According to an expert interviewed in the mesmerizing conceptual documentary Into Eternity, the world currently has between 250,000 and 300,000 tons of high-level nuclear waste. The radiation from that waste is toxic to human beings, and it’s estimated that exposure to it will be a danger for at least 100,000 years. Currently, radioactive waste is being placed in interim storage like water baths, which act as a shield against their effects, but anything on the surface is vulnerable to all manner of human and environmental disasters. Since blasting the stuff into space isn’t an option—engineers in the film immediately rule out that possibility, because the launch could ignite the waste—another solution is to bury it far underground. To that end, the ambitious Onkalo nuclear-waste repository in Finland, a series of tunnels carved five kilometers deep into solid rock, seeks a more permanent home to hazardous waste. But is there such a thing as permanence?
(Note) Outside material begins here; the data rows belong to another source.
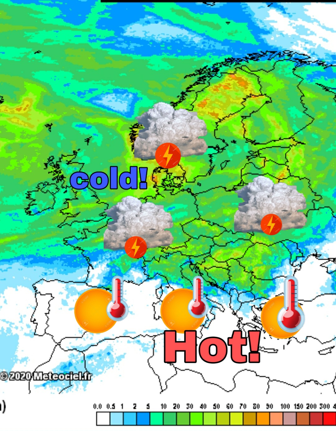Αντίθετα, η νότια Ευρώπη και η Μεσόγειος, αναμένεται να βρεθούν στον θερμό τομέα αυτής της κατάστασης. Η ανάπτυξη ενός ήπιου αντικυκλωνικού πεδίου, θα επιτρέψει στις θερμές αέριες μάζες από την Αφρική να κατακλύσουν όλο τον ευρωπαϊκό Νότο, με κύρια χαρακτηριστικά τις υψηλές θερμοκρασίες και την ξηρασία. Παρότι ακόμη δεν έχει ξεκαθαρίσει η ένταση τους, εντούτοις υπάρχουν ανοικτά τα ενδεχόμενα η θερμή αυτή αέρια μάζα να εξελιχθεί ακόμη και σε κύμα καύσωνα στην Μεσόγειο και τις χώρες που βρέχονται από αυτήν. Χρονικά αυτό τοποθετείται στις τελευταίες ημέρες Ιούλη έως και το πρώτο πενθήμερο του Αυγούστου.
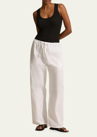 Matteau pants crafted from an organic cotton poplin fabrication in a washer finish High-rise drawstring waistband Side seam pockets Single back patch pocket Full length Relaxed fit Straight legs Pull-on style Organic cotton Made in Australia Model is 5'10"/177cm. Online Inquiries: BGS21_T5C74| Store Inquiries: #4679929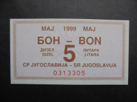 Jugoslavija BON za gorivo zeleni 5 litrov dizel MAJ 1999 UNCLokacija: Ljubljana Vič Rudnik, Vič - Dolgi mostObjavljen: 12.12.2025.Shrani oglasUporabnik ni trgovec2,20 €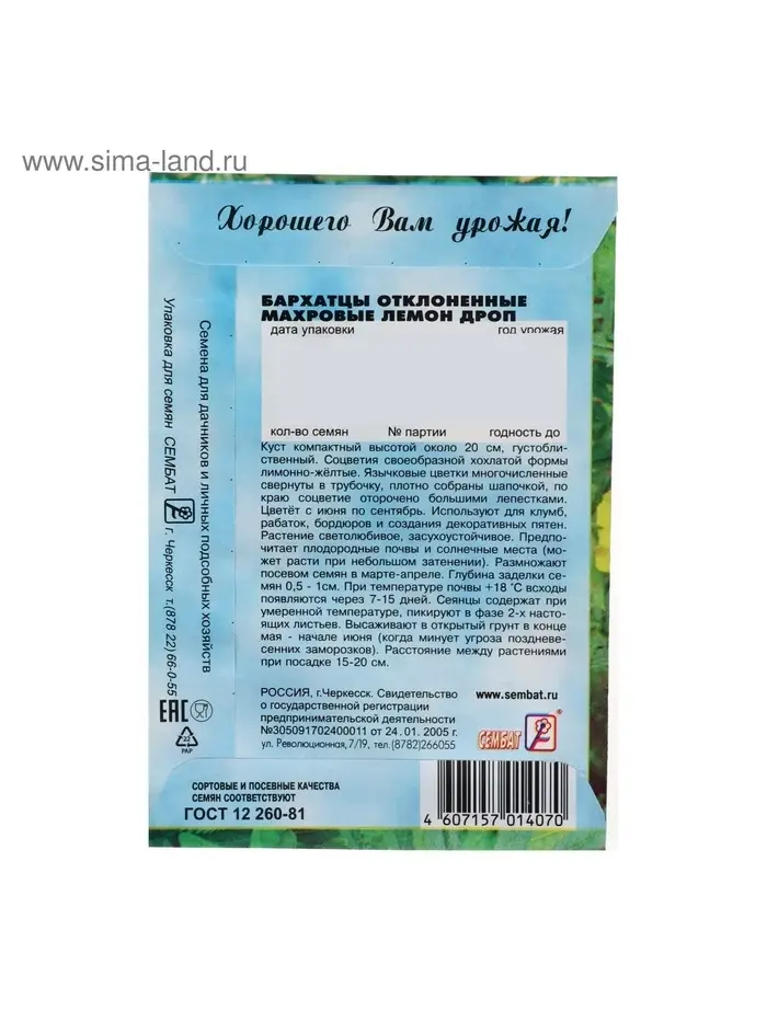 Семена цветов Бархатцы отклоненные "Лемон Дроп", махровые, 0,2 г
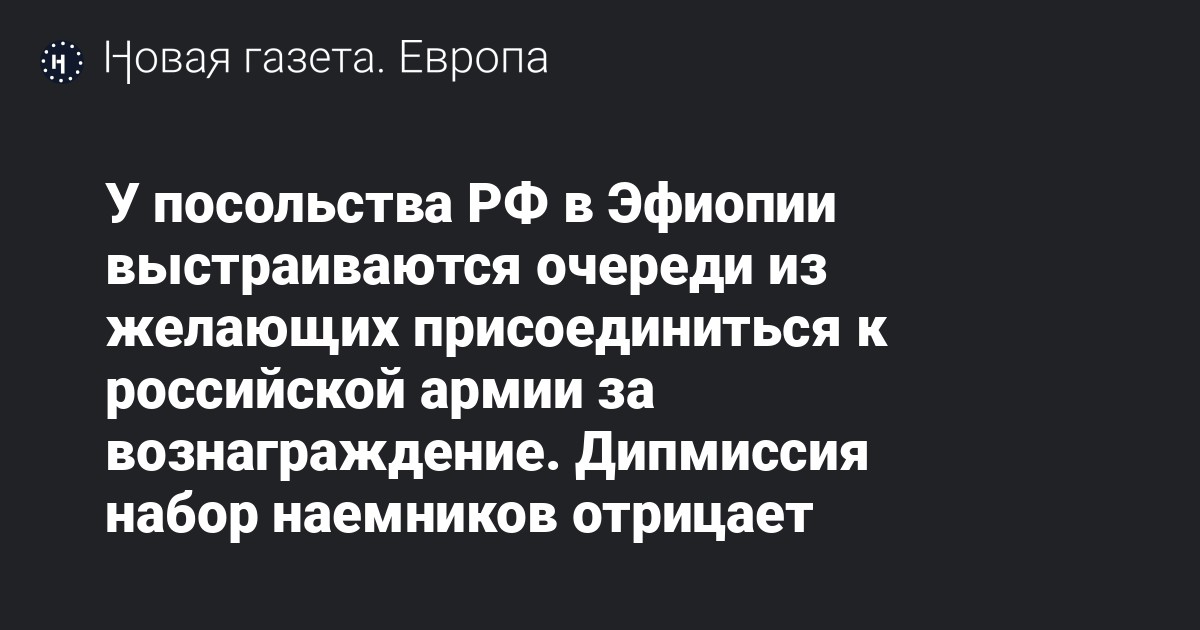 Об очередях у российского посольства в Аддис-Абебе из желающих присоединиться к российской армии два дня назад также сообщило издание Addis Standart. Они появились после слухов в соцсетях о том, что присоединившиеся к армии РФ получат вознаграждение размером 2000 тысячи долларов, объясняют СМИ.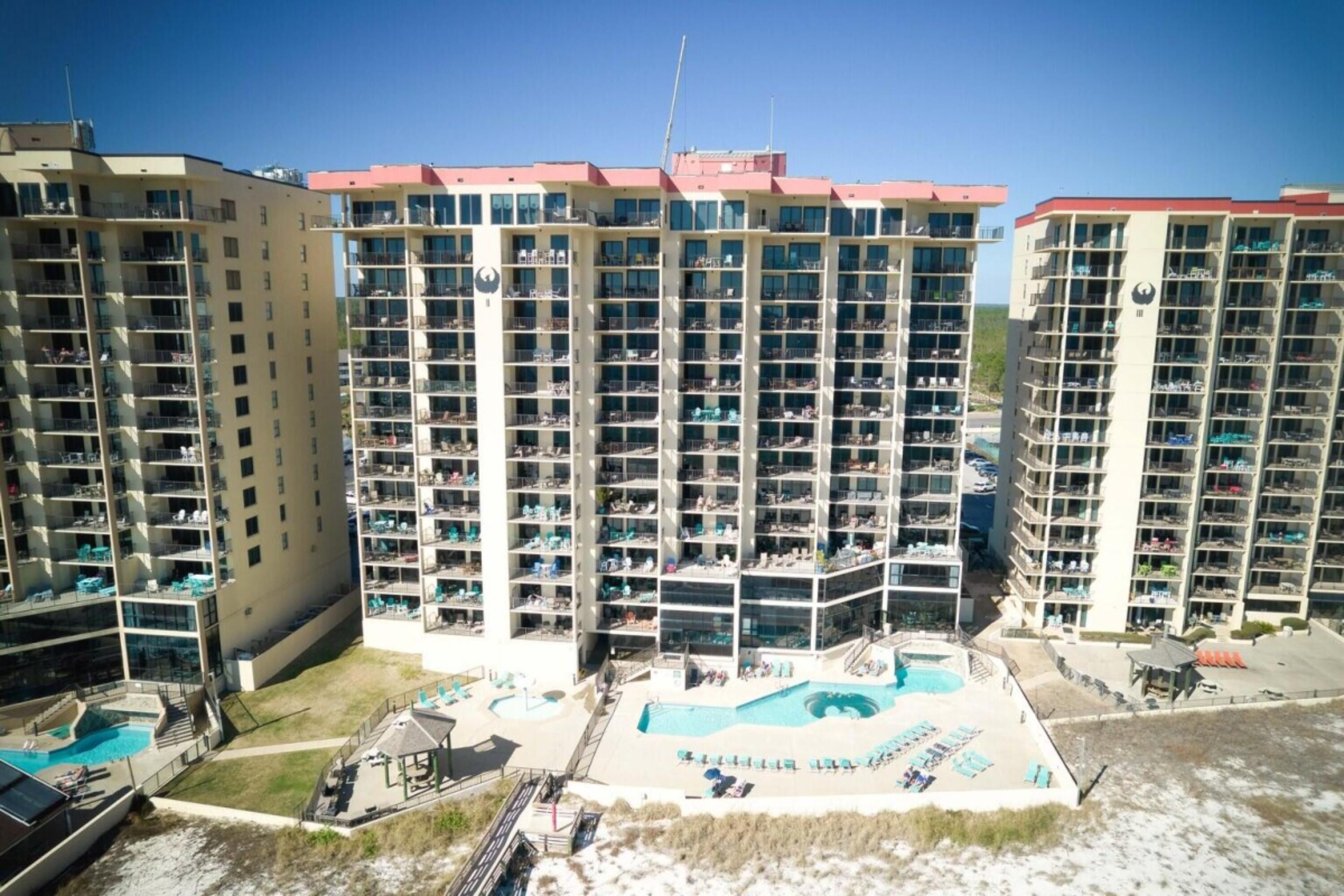- "I enjoyed the splash pad option for our toddler. He always had something to do if he didn’t want to go the beach. I would recommend staying here again. " - "Very nice and clean . Would stay here again. Inside pool nice . " - "Fire alarm hanging by wires, cabinets hanging by hinges , nasty stains on cover in master bedroom, aparagus left in stove and almost caught fire and stove disgusting, shower knob was broke into 2 pieces had to have maintenance fix first day so we could shower, gunk smeared on cabinet doors in bathroom, elevator stuck at one point people had to climb out because it was stuck between levels , 2x the pool had to be shut down because someone pooped in the pool and the 2nd time it got all over my husbands back. The wait for the elevator everytime took almost 15 min . Will NEVER go back "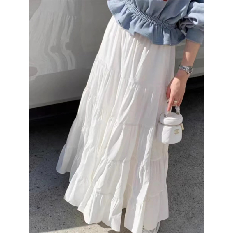 レトロファッション カジュアル シンプル 多用途 ハイウエスト ケーキスカート 大きな裾 ハーフスカート ロングスカート 女性向け 都会通勤スタイル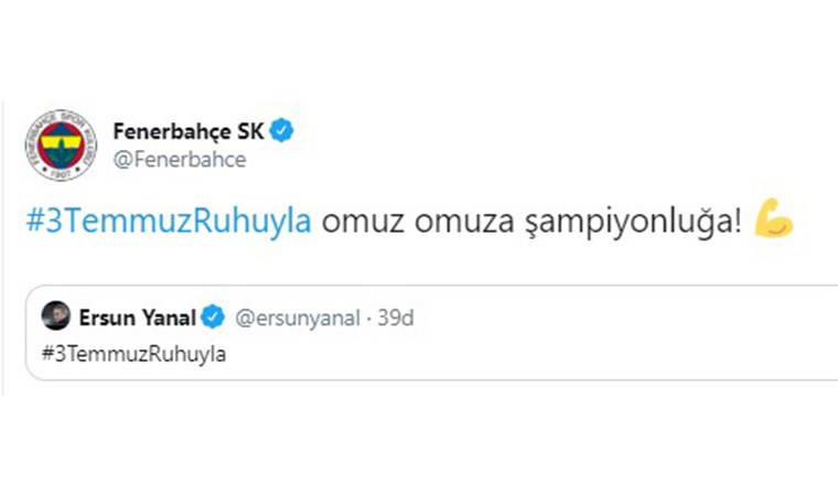 Ersun Yanal, sosyal medya hesabı twitterdan 3 Temmuz ruhuyla ilgili hastag yayınladı, mesajı verdi. Takım kaptanı Ozan Tufan da aynı mesajı kullandı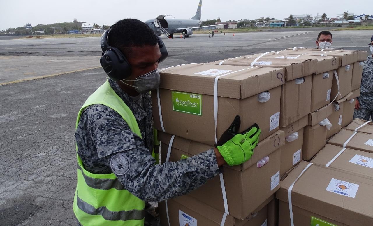 El Grupo Aéreo del Caribe con su personal militar y civil, ha realizado la logística necesaria para recibir las aeronaves de carga que llegan a la Isla de San Andrés con kits de alimentos, aseo y útiles escolares, con el fin de distribuir junto con las Fuerzas Militares, Policía Nacional, Gobierno Departamental y municipal de Providencia las ayudas humanitarias para la comunidad del Archipiélago que más lo necesite.
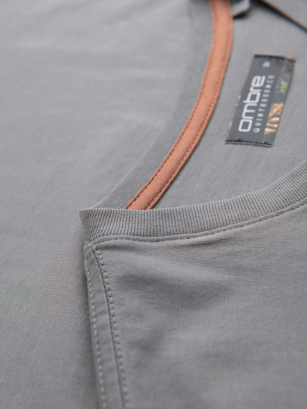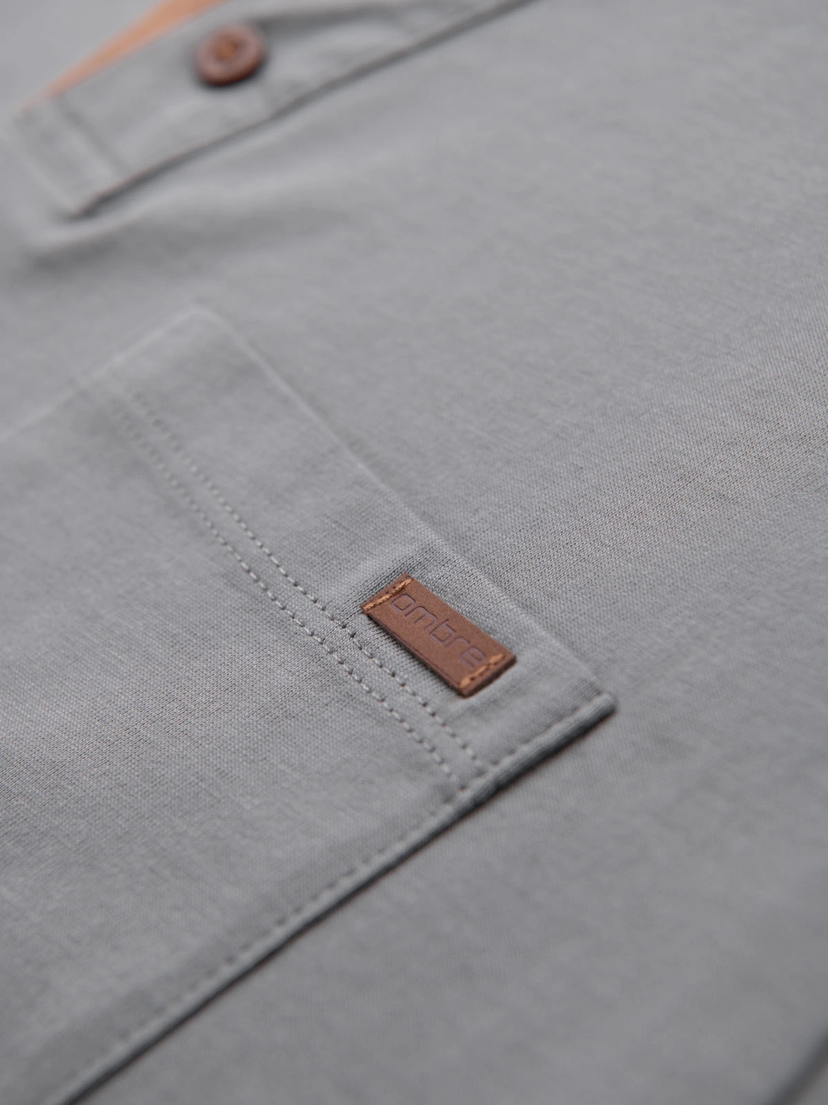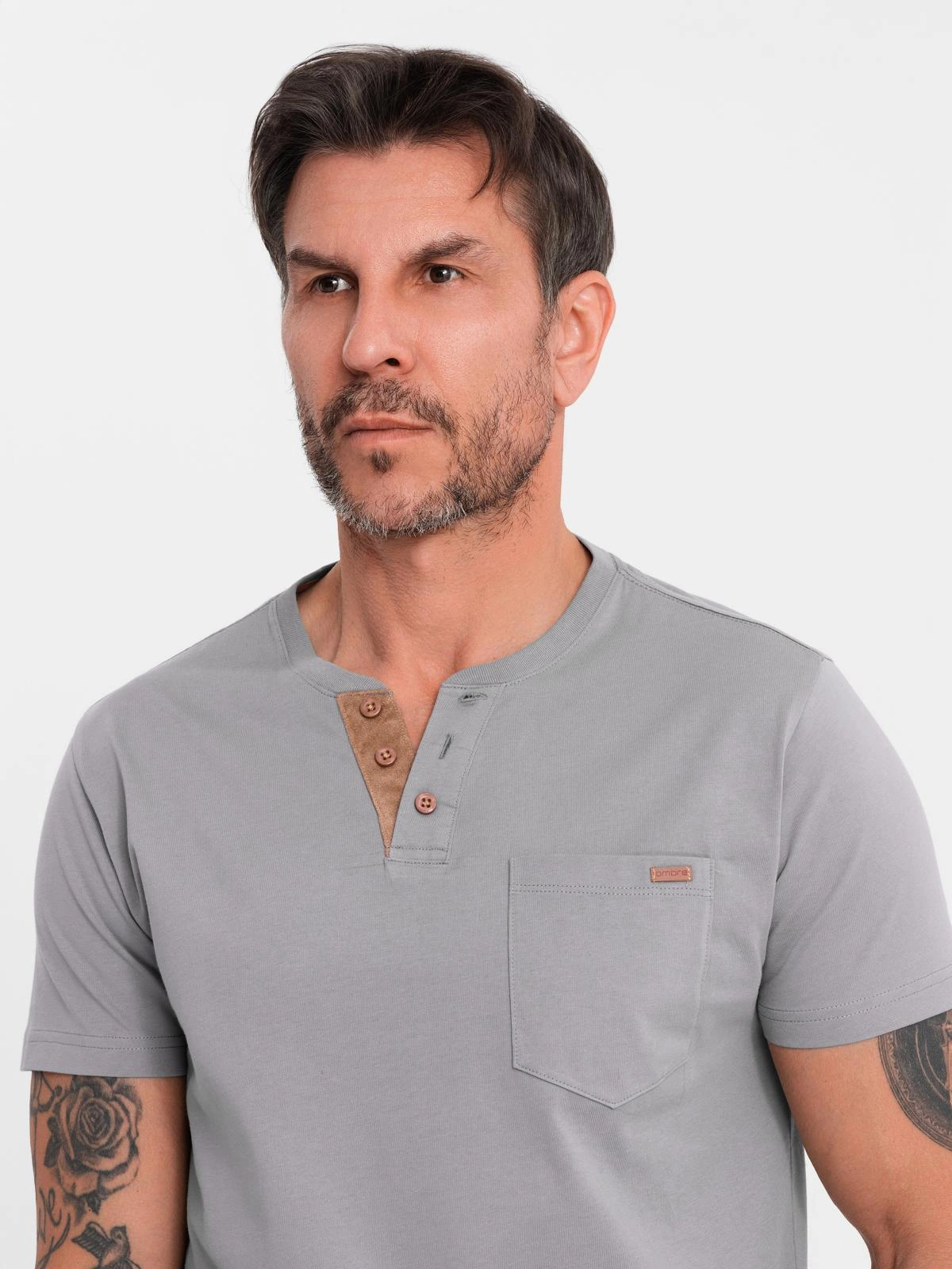 Pánské tričko s knoflíkovým výstřihem a semišovým lemem - šedé V3 OM-TSCT-0206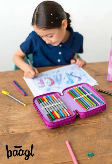 Uzlabojiet savu skolas komplektu ar trīsdaļīgu penāli, kas piedāvā pietiekami daudz vietas visām jūsu krītiņiem, flomāsteriem un citām skolas lietām. Penālis ir aprīkots ar gumijām, kas der arī biezākām rakstāmlietām, lai nodrošinātu kārtību un ērtu piekļuvi.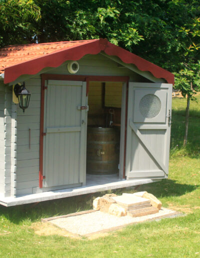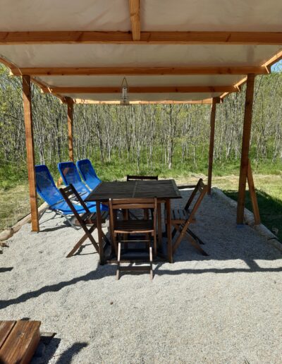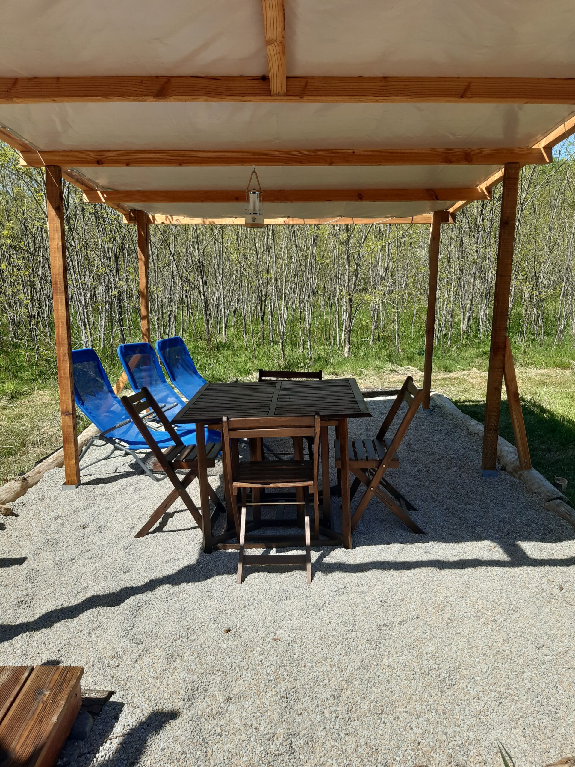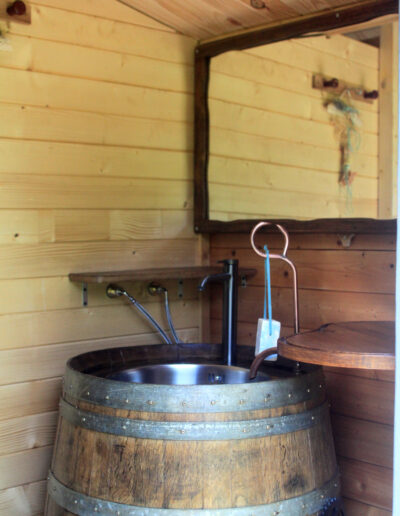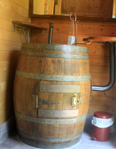 Un toilette sèche est attenant à la tente, et un bloc sanitaire avec douche, toilette et lavabo ainsi qu’un frigo sera disponible également pour les locataires.
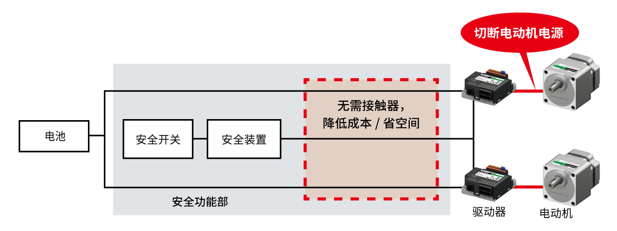 驱动器搭载STO,无需额外配置防止意外的接触器,有效降低设备成本并节省安装空间。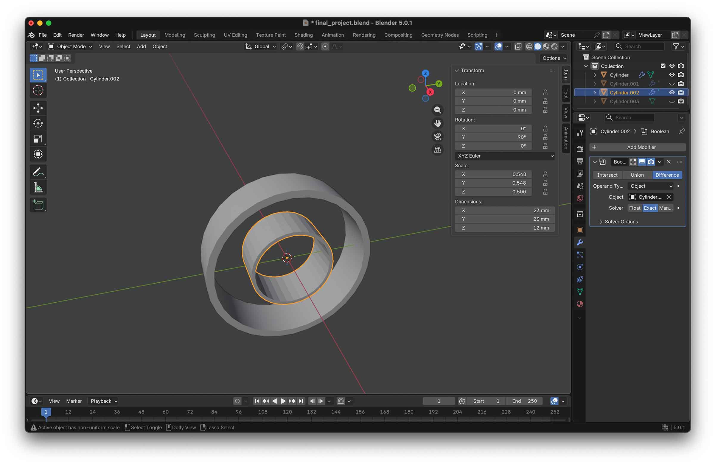 This time I decided to start from scratch instead of starting with a sketch. I built the ring first by putting a 21mm cylinder into a 23mm cylinder and using a boolean modifier to create a hole.

Director Michael Madsen—no, not the actor—approaches the Onkalo problem with one part curiosity to two parts dubiousness, reflected in a hyper-aestheticized style that feels equally influenced by Errol Morris, Sigur Rós, and creepy science-fiction movies. Madsen’s technique can be distracting, like his habit of appearing onscreen himself, lit by a match’s flame. Or the elegant tracking shots that ultimately reveal nothing. But the overall impression is deeply unsettling and blessedly removed from the full-scale panic of Chicken Little documentaries about how food/water/oil/global warming/Ebola/“The Rapture” is going to kill us. Madsen casts doubt on the notion that this Pandora’s box will never be opened, either by some cataclysmic event, like another Ice Age, or drilling by future generations who may not be aware of Onkalo, or even able to decipher warnings of its contents. Something terrible seems likely to happen—just not today.